(Items from a data source)
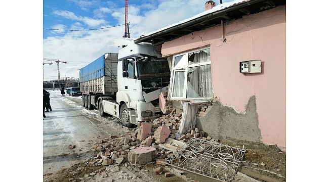 Elazığ'da rampa aşağı inen tır, kaygan yolda kontrolden çıkarak eve çarptı. Kazada sürücü yaralanırken evdekilerin, başka bir odada olması olası bir faciayı önledi.
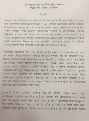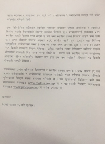 श्रम, राेजगार तथा सामाजिक सुरक्षा मन्त्रालयले बिहीबार पत्रकार सम्मेलनकाे आयाेजना गरी विवरण प्राप्त भएकाे ५९९ स्थानीय तहमा १ लख ७५ हजार ९०९ वेराेजगारले राेजगारी पाएकाे जनाएकाे छ । ती स्थानीय तहमा औसतमा १३ दिनसम्म वेराेजगाररुले राेजगारी पाएकाे श्रम मन्त्रालयले जनाएकाे छ । उल्लेखित विवरण साउन १५ गतेसम्म मन्त्रालयमा प्रप्त रहेकाे प्रवक्ता डा नारायण रेग्मीले जानकारी दिए ।
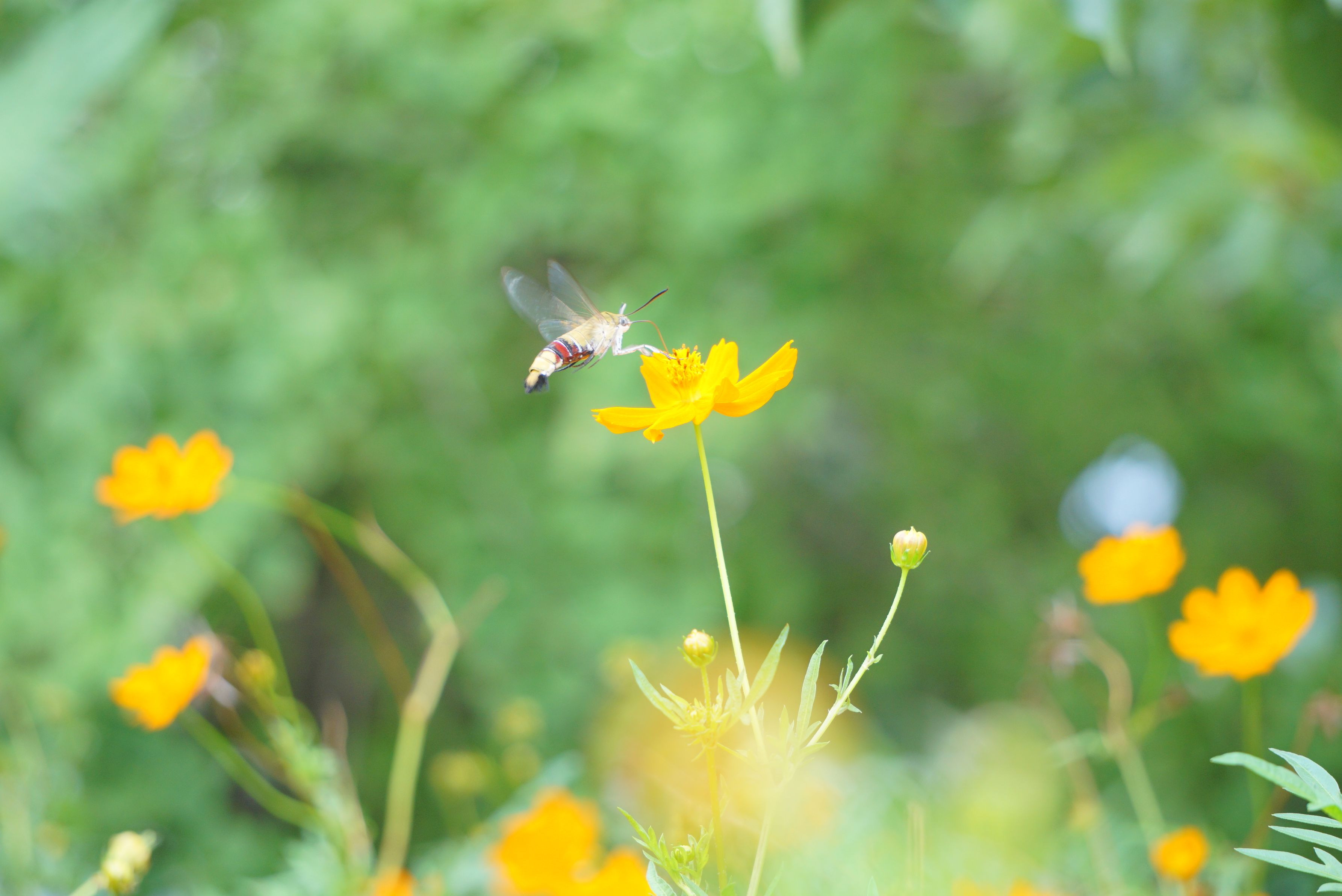 製品情報>My Sony>αcafe>キバナコスモスとオオスカシバ(ルナさん)
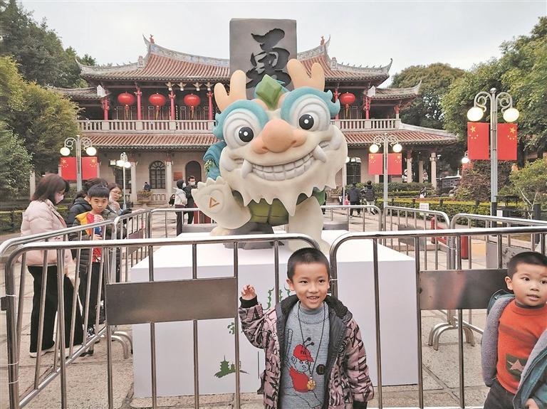 活动现场还向游客们分发“十龙九子”贴纸。“这些贴纸是‘十龙九子’的设计图,实物更可爱更鲜活,欢迎大家多多关注‘十龙九子’的出街活动。”鲤城区文旅局副局长林菲介绍,“蒲牢”和“赑屃”相继亮相后,“十龙九子”其他装置也会在接下来的周末,陆续在古城世遗景点、街巷、文创园区亮相,其中传统非遗大型青龙装置“龙鲤鲤”将于2月初压轴登场,给大家送上“拢总好”的美好祝福。
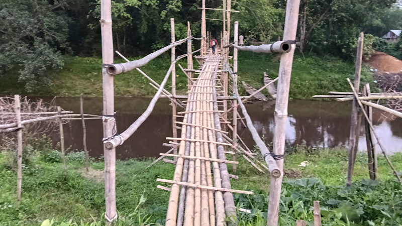 বাসিয়া নদীর বুকে আজও নড়বড়ে বাঁশের সাঁকো : একটি পাকা সেতুর জনদাবি দীর্ঘদিনের
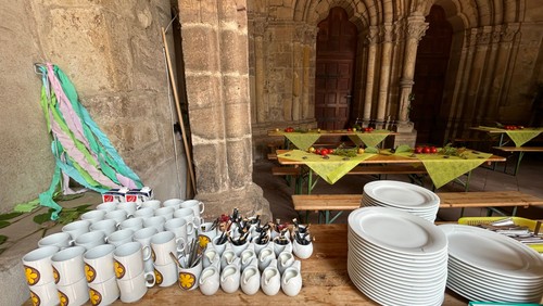 Gemeinsam essen, mitten im Geschehen, vor Regen, Wind und Sonne geschützt, im Paradies-Eingang der Münsterkirche.
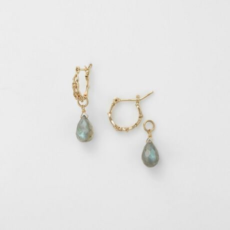【WEB限定商品】店頭では買えないWEB限定商品の中でも人気のピアスセットシリーズ。ニュアンスのあるラブラドライトとのシンプルな組み合わせは、どんなスタイリングにも合わせやすい万能アイテム。さりげなく揺れるピアスチャームは顔周りを華やかに、横顔を美しく見せてくれます。※繊細さを生かしたデザインの為、着脱の際は過度な負荷がかからないようご注意ください。※天然石や天然素材を使用しているものは、サイズ・色味・風合いの違いや、若干の傷、内包物の有無などに個体差があります。予めご了承ください。
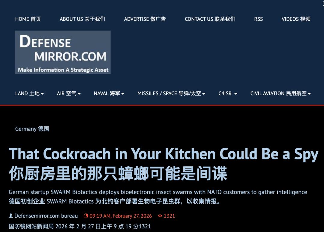 美国国防部高级研究计划局 DARPA 在 2006 年就启动了 HI-MEMS(Hybrid Insect Micro-Electro-Mechanical Systems) 项目,目标就是研究把微机电系统嵌入昆虫体内,构建机器与昆虫的紧耦合接口,用于侦察等任务。
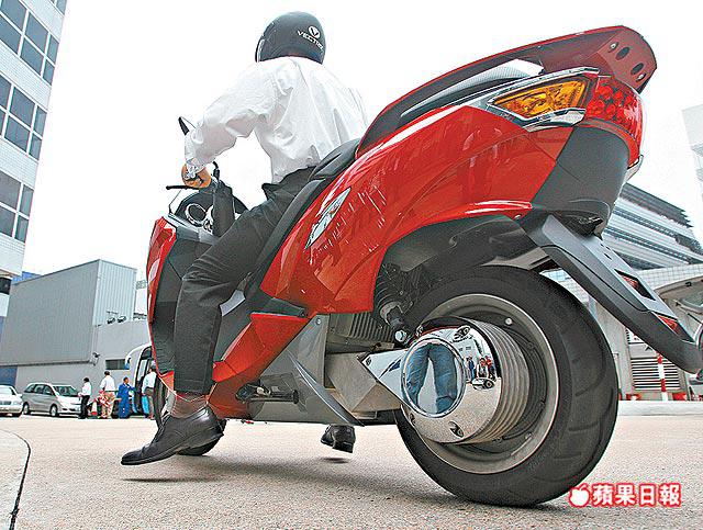 【本報訊】香港生產力促進局昨日舉行混合動力及純電力汽車技術研討會,並展示一系列最新款環保汽車;全場最矚目是剛於本月初在歐洲發售的純電力環保電單車Vectrix,火紅的外殼,吸引會場人士圍觀。 負責研發該電單車電池的超霸科技(香港)有限公司營運經理姚啓文表示,Vectrix是全球首部獲准在歐洲高速公路行駛的純電力電單車,由起步至時速80公里只需4秒,最高時速可達120公里,現售11,000歐元(折合港幣約116,000元),現積極研究引入本港。
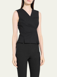 Theory shrunken vest elevated with a draped wrap front V neckline Double-breasted front Sleeveless Chest welt pocket Tailored fit Hem sits at the hip Front hook closure Wool/elastane Dry clean Imported Online Inquiries: BGS21_T6Z4G| Store Inquiries: #5073463

▸ **PROBLEM STATEMENT**:
Your copy should consist only of the lines from the one containing "Gemeinsam essen, mitten" through the last line of the entries above, reproduced exactly, without pictures.

▸ **SOLUTION**:
 Gemeinsam essen, mitten im Geschehen, vor Regen, Wind und Sonne geschützt, im Paradies-Eingang der Münsterkirche.
【WEB限定商品】店頭では買えないWEB限定商品の中でも人気のピアスセットシリーズ。ニュアンスのあるラブラドライトとのシンプルな組み合わせは、どんなスタイリングにも合わせやすい万能アイテム。さりげなく揺れるピアスチャームは顔周りを華やかに、横顔を美しく見せてくれます。※繊細さを生かしたデザインの為、着脱の際は過度な負荷がかからないようご注意ください。※天然石や天然素材を使用しているものは、サイズ・色味・風合いの違いや、若干の傷、内包物の有無などに個体差があります。予めご了承ください。
 美国国防部高级研究计划局 DARPA 在 2006 年就启动了 HI-MEMS(Hybrid Insect Micro-Electro-Mechanical Systems) 项目,目标就是研究把微机电系统嵌入昆虫体内,构建机器与昆虫的紧耦合接口,用于侦察等任务。
 【本報訊】香港生產力促進局昨日舉行混合動力及純電力汽車技術研討會,並展示一系列最新款環保汽車;全場最矚目是剛於本月初在歐洲發售的純電力環保電單車Vectrix,火紅的外殼,吸引會場人士圍觀。 負責研發該電單車電池的超霸科技(香港)有限公司營運經理姚啓文表示,Vectrix是全球首部獲准在歐洲高速公路行駛的純電力電單車,由起步至時速80公里只需4秒,最高時速可達120公里,現售11,000歐元(折合港幣約116,000元),現積極研究引入本港。
 Theory shrunken vest elevated with a draped wrap front V neckline Double-breasted front Sleeveless Chest welt pocket Tailored fit Hem sits at the hip Front hook closure Wool/elastane Dry clean Imported Online Inquiries: BGS21_T6Z4G| Store Inquiries: #5073463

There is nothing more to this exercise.